Oft ist es ein einzelnes Werk, für das ein Künstler am berühmtesten ist. Denk nur an Leonardo da Vinci und die Mona Lisa. Oder Damien Hirst und seinen toten Hai im Glastank.

Wie Du Dich als Künstler am Kunstmarkt positionieren kannst

Folgende Ansätze eignen sich also, um sich als Künstler am Kunstmarkt zu positionieren:

  • Kunststile
  • Techniken
  • Motive
  • Themen
  • Spektakuläre Einzelwerke
  • Länder oder Regionen

Natürlich kombiniert jeder Künstler diese Ansätze. Picasso begann als MALER, der KUBISTISCHE Werke schuf. Auf diese Weise lassen sich aber auch neue Positionen auf dem Kunstmarkt finden. Ein Beispiel wäre, wenn jemand als erstes kubistische Plastiken gestaltet hätte. Das könnte aber gut Picasso selbst gewesen sein, dass konnte ich noch nicht genau recherchieren.

Aber es kommt immer wieder vor, dass Künstler sich einen Namen machen, indem sie ein Kunstphänomen auf andere Bereiche übertragen.

Das funktioniert auch über den Ortsfaktor: So gibt es beispielsweise den bekanntesten Porträtmaler der Welt, aber eben auch den bekanntesten Porträtmaler Deutschlands. Ja, eine Positionierung wäre sogar, der bekannteste Porträtmaler einer Stadt zu sein.
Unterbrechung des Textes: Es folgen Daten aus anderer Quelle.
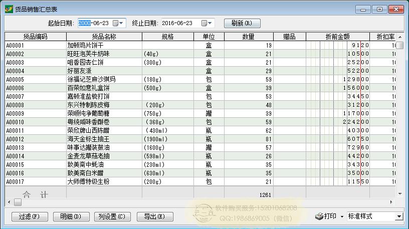 销售报表:货品销售汇总表
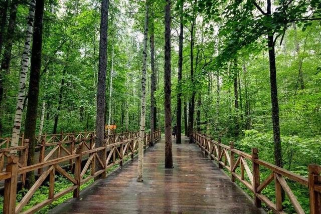 午后放晴的长白山,干净纯粹,呼吸着新鲜的空气,在一片蓝天之下漫步木栈道。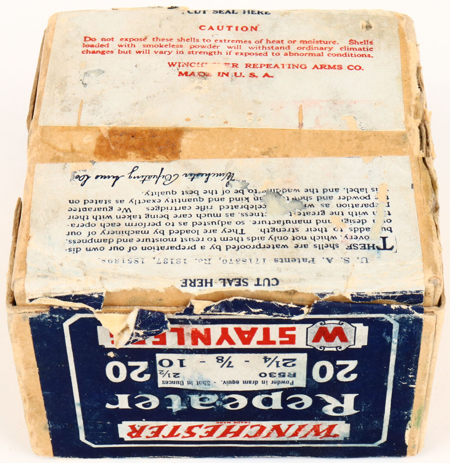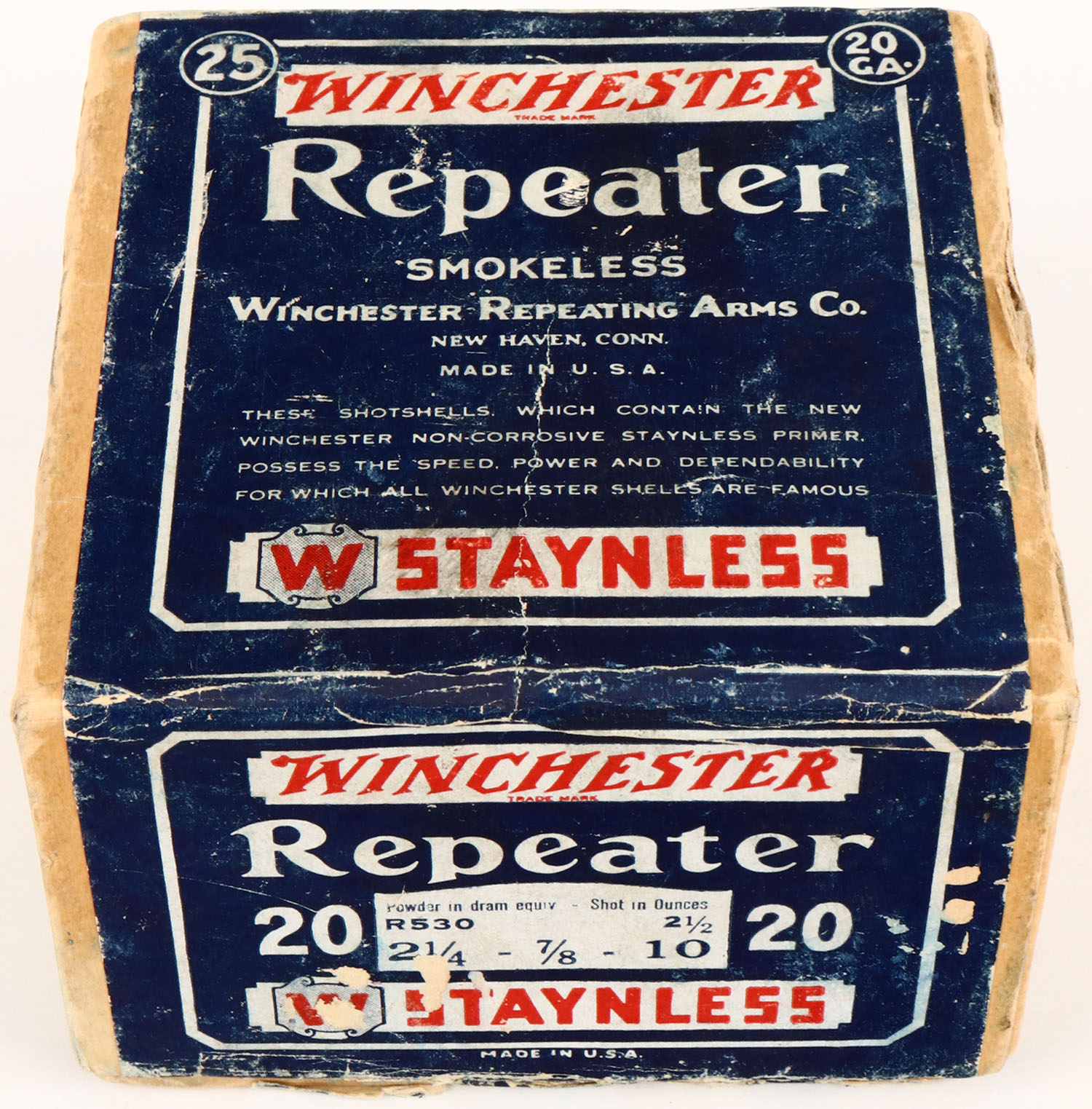 Winchester, Repeater, STAYNLESS, 20ga., 2pc., Full., shot size 10, buff box with blue, red & white label, box has shell protrusions, seam splits, with light age soiling. Shells are very good. Grade: Excellent - Value: 40 to 200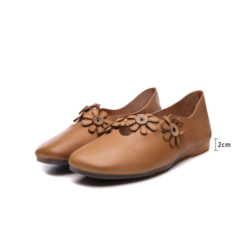 디자이너 신발 정품 가죽 스위트 플라워 여성용 슬립온 핸드메이드 플랫 브라운/카키/블랙/레드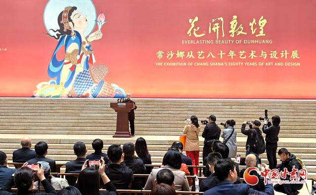 中國甘肅網(wǎng)4月30日訊(西北角·中國甘肅網(wǎng)記者 任磊)29日上午,“花開敦煌——常沙娜從藝八十年藝術(shù)與設(shè)計展”在中國工藝美術(shù)館盛大開幕。展覽匯聚了著名藝術(shù)教育家和藝術(shù)設(shè)計家常沙娜先生400余件代表性作品,既展現(xiàn)了她深厚的敦煌藝術(shù)傳統(tǒng)積淀,也彰顯了她為新中國藝術(shù)設(shè)計做出的杰出貢獻。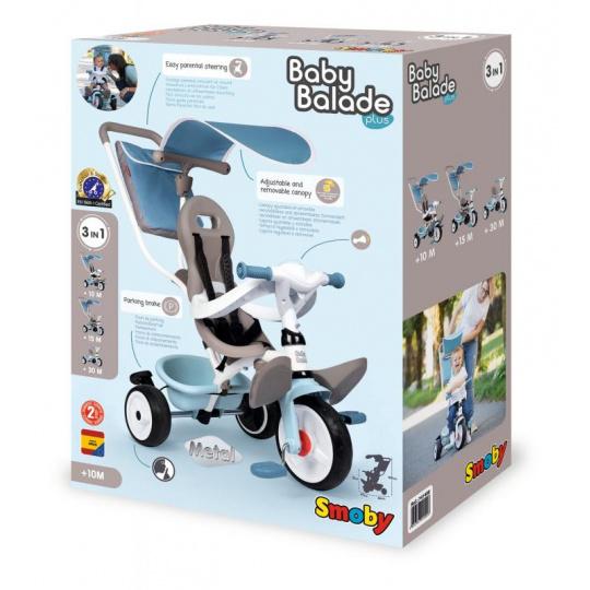 Smoby 741400 Tříkolka Baby Balade Plus modrá
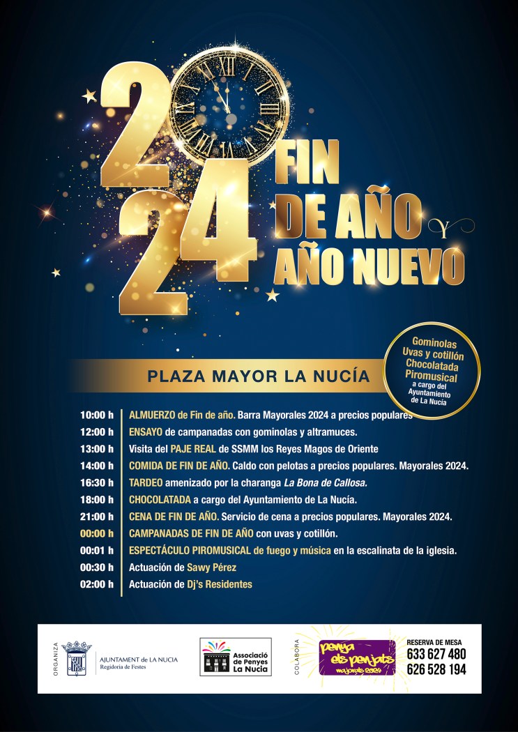 Esta gran “Fiesta de Fin de Año” está organizada por el Ayuntamiento de La Nucía y l’Associació de Penyes con la colaboración dels Majorals 2024-Penya Els Penjats.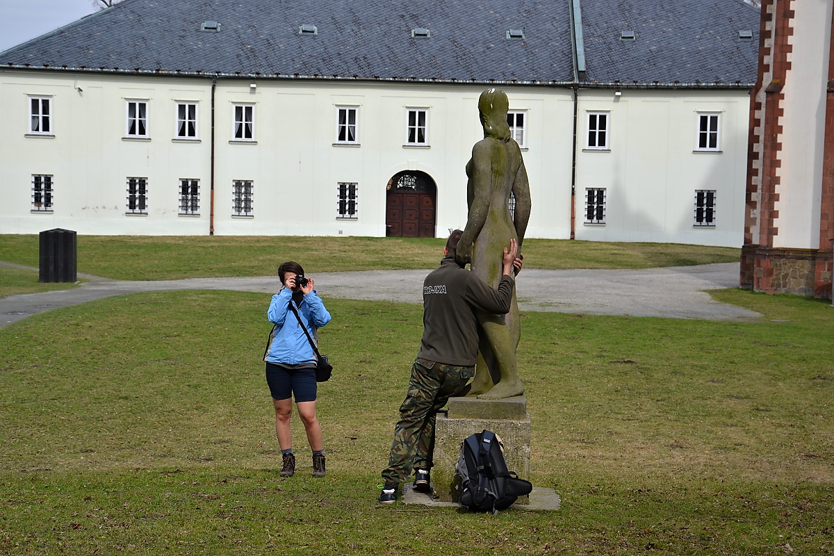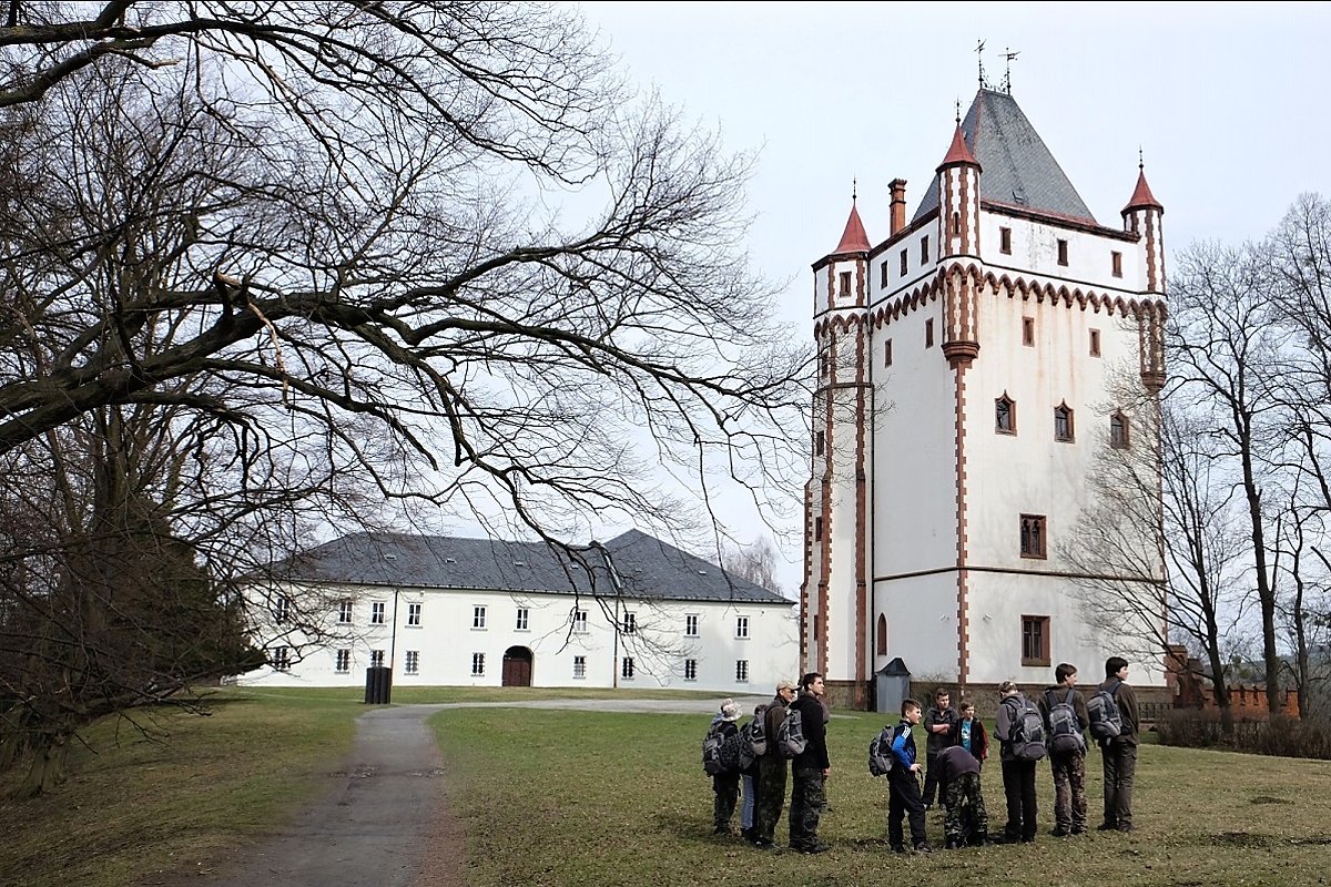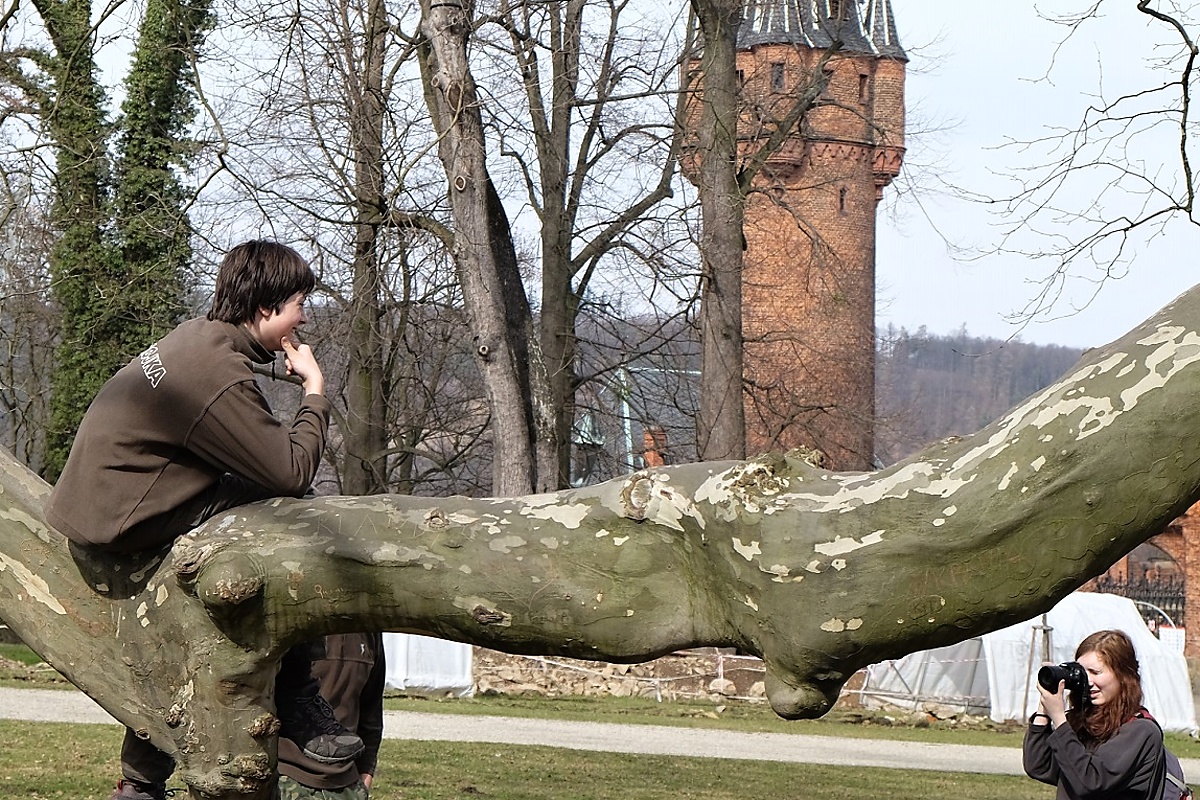 Vnikáme do zámeckého areálu bránou Červeného zámku a mašírujeme si to na nádvoří k Hodinové věži. Ale ouha. Dvířka jsou zamknuta a samotná železná brána zajištěna mohutným řetězem a zámkem. Probíhá rekonstrukce nádvoří. To je škoda. Mohli jsme zase posvačit. Kamo se směje. Tak se alespoň pořizuje pár foteček a hurá k Bílému zámku. Před objektem stojí v levé polovině předzámčí mohutný platan. „Antku, vyfoť mě!“ Loapy letí do trávy, i bundy padají na zem a hoši se sápou na spodní, téměř vodorovnou větev. Nastávají pravé fotografické orgie. Na snímku č. 15 je vidět prchajícího Monu z místa, jak on tvrdí, nerozumného počínání. Člověk nemusí být dendrolog, aby poznal, že mohutná větev má sama co dělat, aby udržela svoji váhu. Ne tak, když se na ní navěsí tlupa výtečníků z našeho oddílu. Karamba, to by byla blamáž, kdyby větev nevydržela. To si, zkrátka, vůbec nedokážete představit !Ale třeba jsem jen škarohlíd a nic se vlastně nestalo!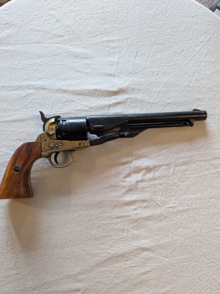 Zur Auktion steht ein gut erhaltener Navy Colt. Liegt seit 30 Jahren auf dem Dachboden und ist in gutem Zustand. Hahn spannbar und Entladungshilfe voll funktionstüchtig. Revolver ist aus vollständig aus Metall. Viel Spaß damit!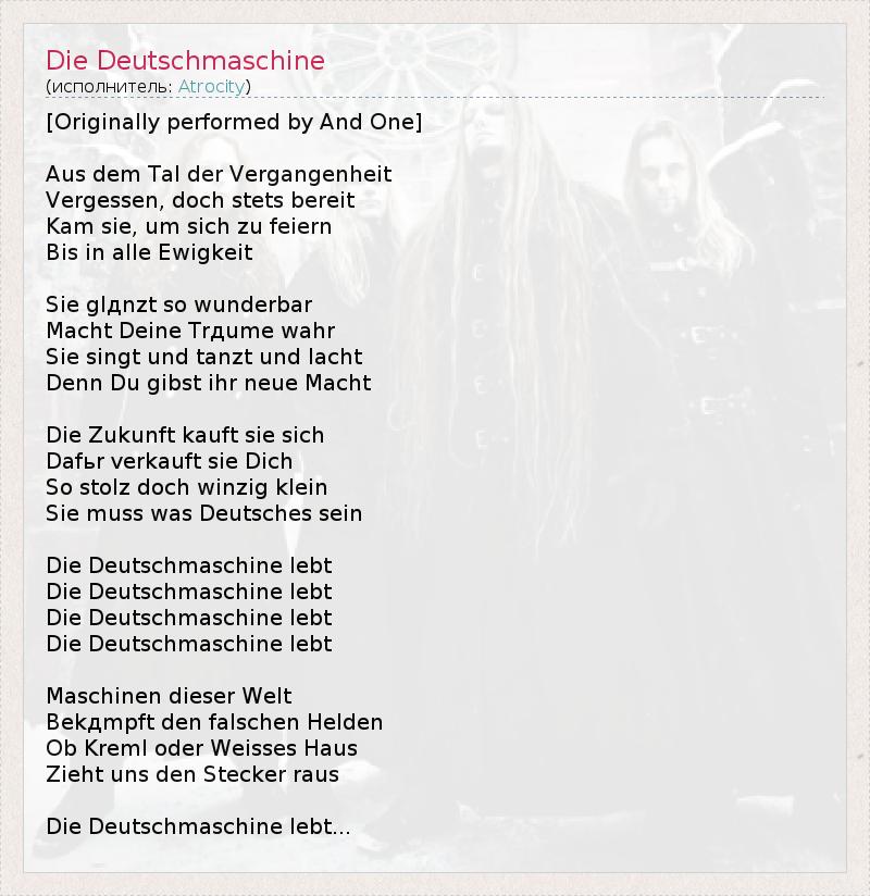 А как ты думаешь, о чем песня "Die Deutschmaschine" ?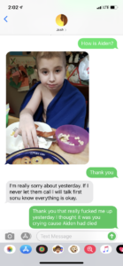My head is still racing from the phone call yesterday. The hardest part of being separated is when the boys are not here. I just need to know they are ok but I am so incredible terrified something will happen to Aiden and I will not be there. At 11 I text Josh “Is Aiden Ok?” I receive a photo of him sitting, eating bacon “thank you” I reply. My phone dings again “I’m really sorry about yesterday. If I ever let them call you I will talk first so you know everything is ok.” the night has cooled the space between us once more. I know we are both stressed out. We never really got along before Aiden got sick, so add one of the worst stresses anyone could ever have into into the mix and it is a recipe for disaster. We did not stand a chance.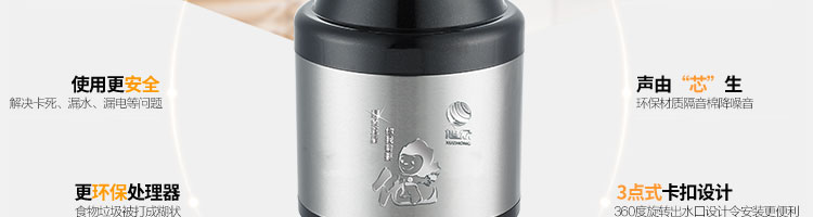 作者:旭眾機(jī)械發(fā)布時間:2017-04-15 11:42查看數(shù):您當(dāng)前的位置:首頁>>產(chǎn)品展示>>垃圾處理器系列>>家用垃圾處理器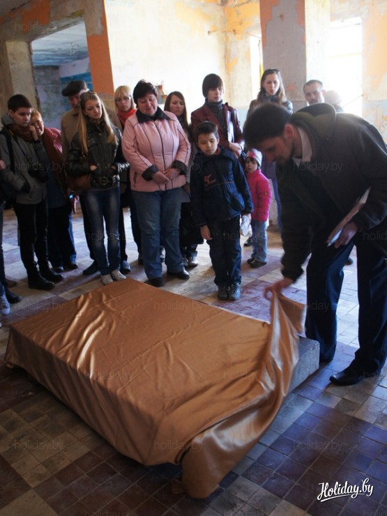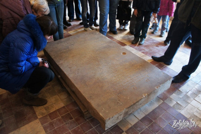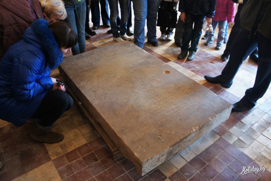 В конце экскурсии экскурсовод приготовил для всех сюрприз – плиту 1804 года с рассуждениями Адама Хмары и его брата о семье.

Die entscheidende Frage, die Du Dir als Künstler stellen musst, wenn Du berühmt werden willst, ist also:

FÜR WAS will ich berühmt werden?

Schritt 4: Präsentation
Das Funkeln des Stars

– Die Präsentation von Kunst und Künstler

„Ein Maler ist ein Mann, der malt, was er verkauft. Ein Künstler ist dagegen ein Mann, der das verkauft, was er malt.“

Pablo Picasso

Klick einmal auf diesen Link und sieh Dir die Porträtfotos von Picasso an:

https://www.google.com/search?q=picasso+photo+portrait&tbm=isch

Glaubst Du, dass sich Picasso hier einfach hat irgendwie fotografieren lassen?

Oder glaubst Du, dass Picasso bei jedem einzelnen Foto bewusst war, dass er fotografiert wurde und dass er sich überlegt und ganz bewusst in Szene gesetzt hat?

Du erkennst es an diesen Fotos: Picasso wusste, wie er stehen sollte, wie seine Haltung aussehen soll, wie er gucken soll, wo er fotografiert werden wollte, was alles auf dem Foto zu sehen sein sollte und ja, sogar welche Kleidunge er dabei tragen sollte – oder auch welche nicht.

Picasso war sicher ein Meister der Selbstdarstellung. Meister ist vielleicht nicht das treffendste Wort. Er war ein Profi der Selbstdarstellung. Das trifft es wohl eher. Er hat sich und seine Kunst professionell präsentiert.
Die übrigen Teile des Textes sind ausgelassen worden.